▸ **WORK INSTRUCTIONS**: The copy you give must match the listing below exactly and contain no pictures.

▸ **SOURCE DATA**:
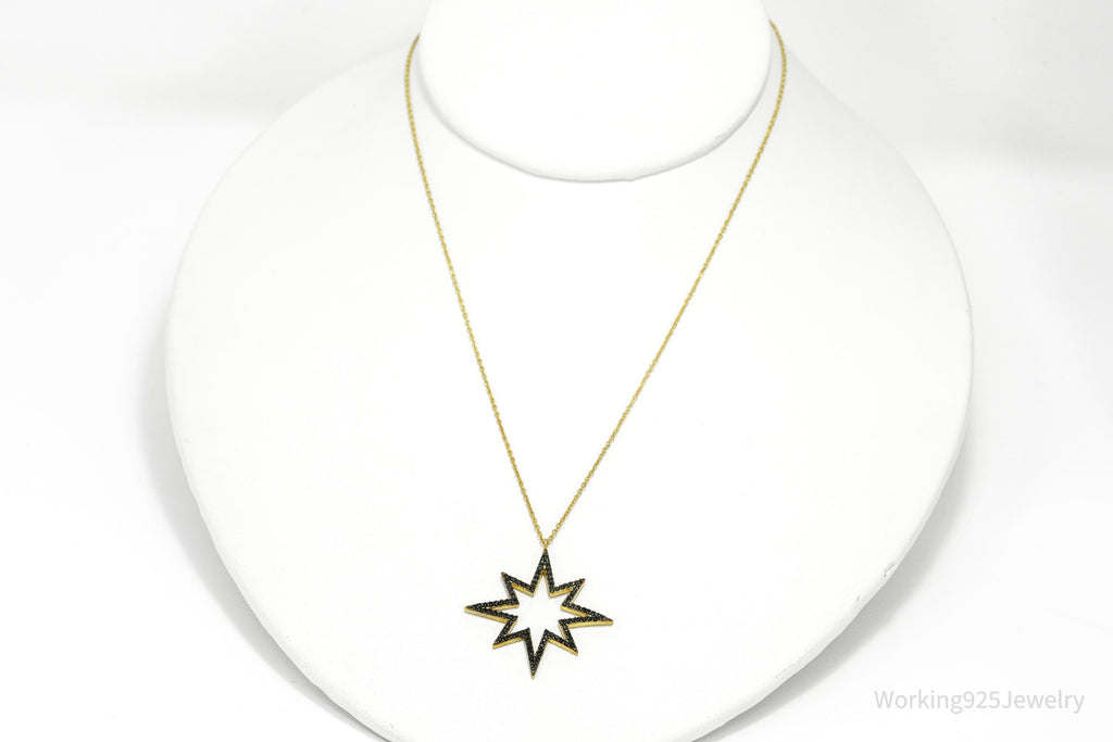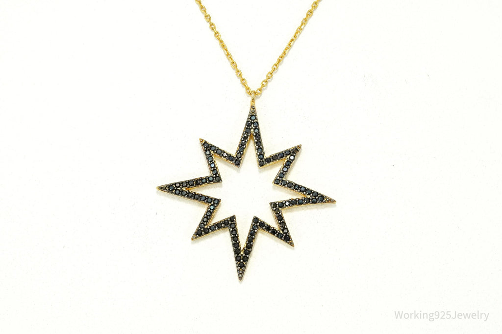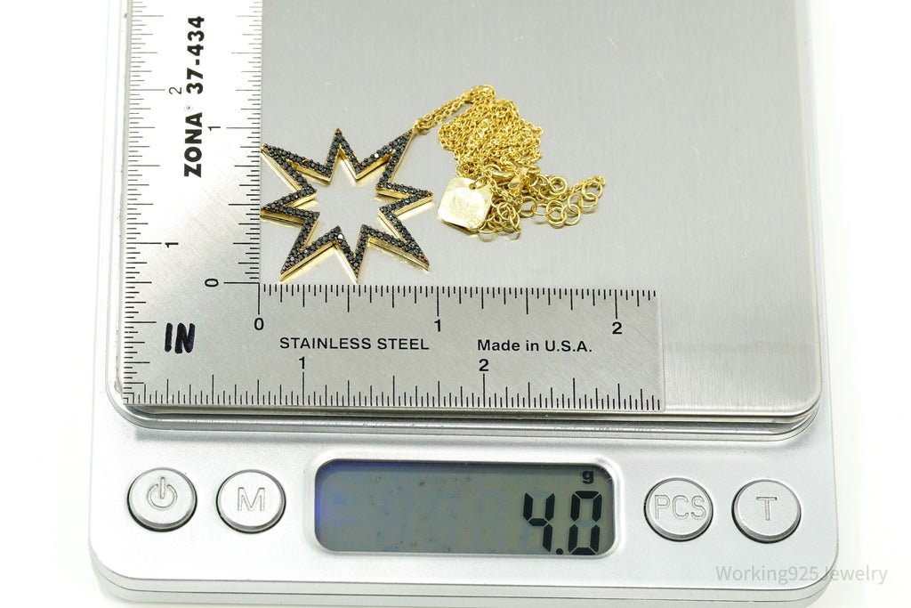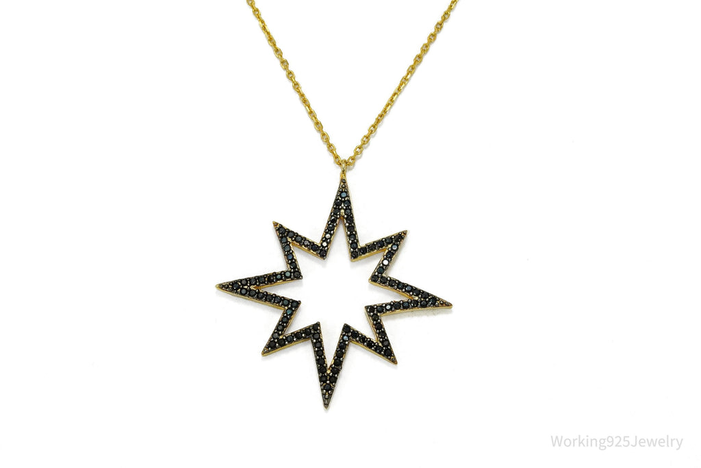 Vintage Pave Black Spinel Star Gold Vermeil Sterling Silver Necklace 17"
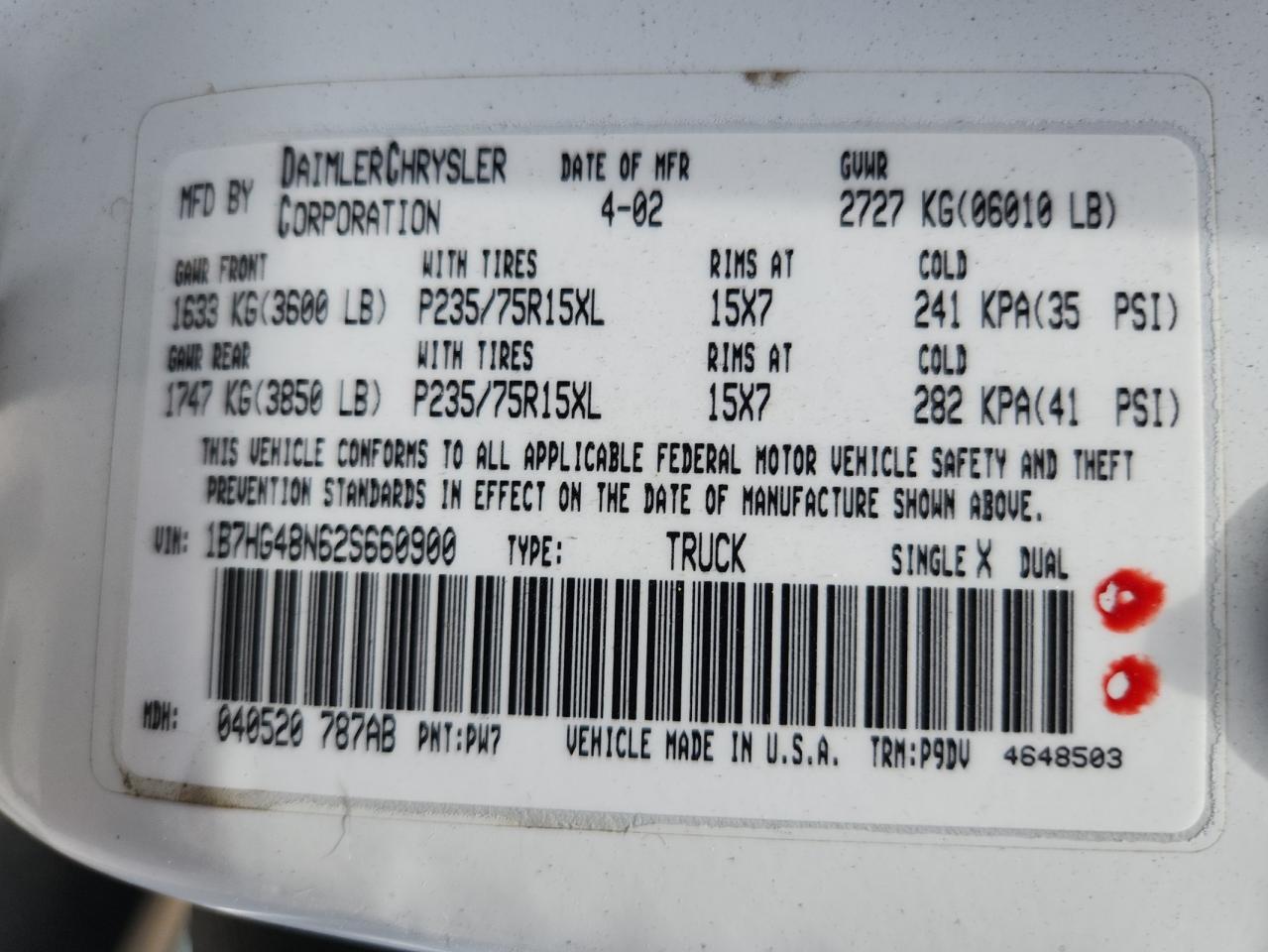 GoodThe 2002 Dodge Dakota Quad Cab, finished in white, exhibits a 'Body' Vehicle Damage Category with the primary damage concentrated on the rear end. The vehicle has a 'Run & Drive Verified' status. The car's condition is rated as 'Good' overall, indicating minor damage. The interior also appears to be in good condition. The vehicle's wheels, lights, and glasses seem to be intact. The car is drivable. Summary: This white 2002 Dodge Dakota Quad Cab shows 'Body' damage, primarily to the rear. Overall, the car is in 'Good' condition, with intact wheels, lights, and glasses. It is drivable.
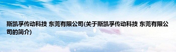 大家好,斯凯孚传动科技 东莞有限公司,关于斯凯孚传动科技 东莞有限公司的简介很多人还不知道,现在让我们一起来看看吧!
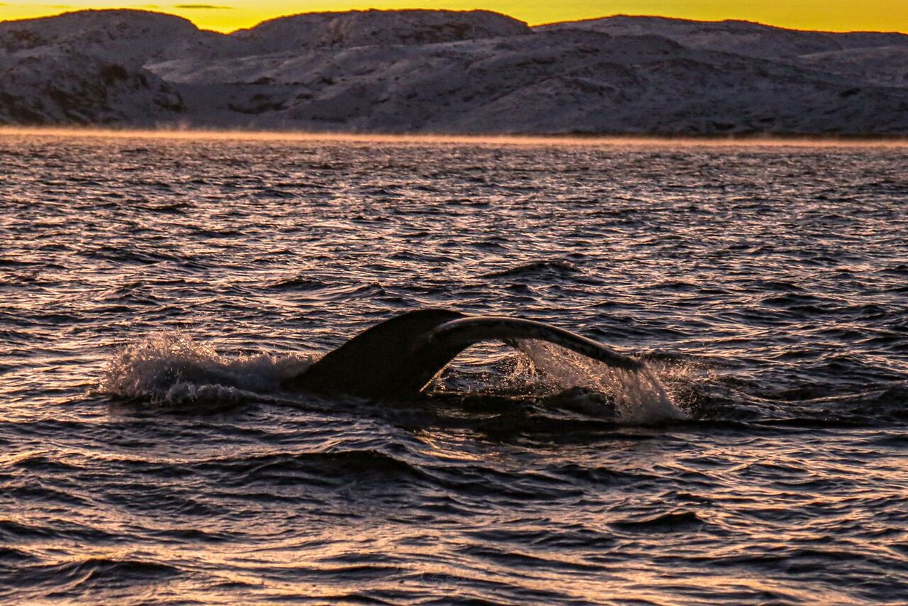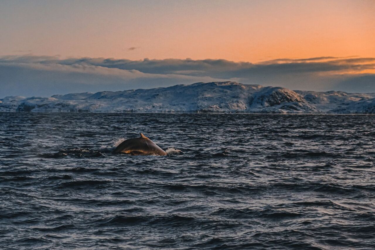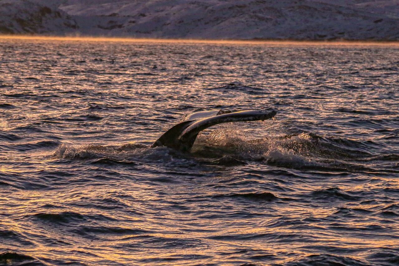 Вас ждёт выход на корабле в открытое море в поисках китов, горбача, малых полосатиков, косаток, дельфинов. Киты и косатки посещают бухты и заливы Баренцева моря, где они кормятся, отдыхают, играют и радуют туристов невероятными представлениями: охотятся, выпрыгивают из воды, бьют своими огромными хвостами по воде.

▸ **TASK ANSWER**:
 Vintage Pave Black Spinel Star Gold Vermeil Sterling Silver Necklace 17"
 GoodThe 2002 Dodge Dakota Quad Cab, finished in white, exhibits a 'Body' Vehicle Damage Category with the primary damage concentrated on the rear end. The vehicle has a 'Run & Drive Verified' status. The car's condition is rated as 'Good' overall, indicating minor damage. The interior also appears to be in good condition. The vehicle's wheels, lights, and glasses seem to be intact. The car is drivable. Summary: This white 2002 Dodge Dakota Quad Cab shows 'Body' damage, primarily to the rear. Overall, the car is in 'Good' condition, with intact wheels, lights, and glasses. It is drivable.
 大家好,斯凯孚传动科技 东莞有限公司,关于斯凯孚传动科技 东莞有限公司的简介很多人还不知道,现在让我们一起来看看吧!
 Вас ждёт выход на корабле в открытое море в поисках китов, горбача, малых полосатиков, косаток, дельфинов. Киты и косатки посещают бухты и заливы Баренцева моря, где они кормятся, отдыхают, играют и радуют туристов невероятными представлениями: охотятся, выпрыгивают из воды, бьют своими огромными хвостами по воде.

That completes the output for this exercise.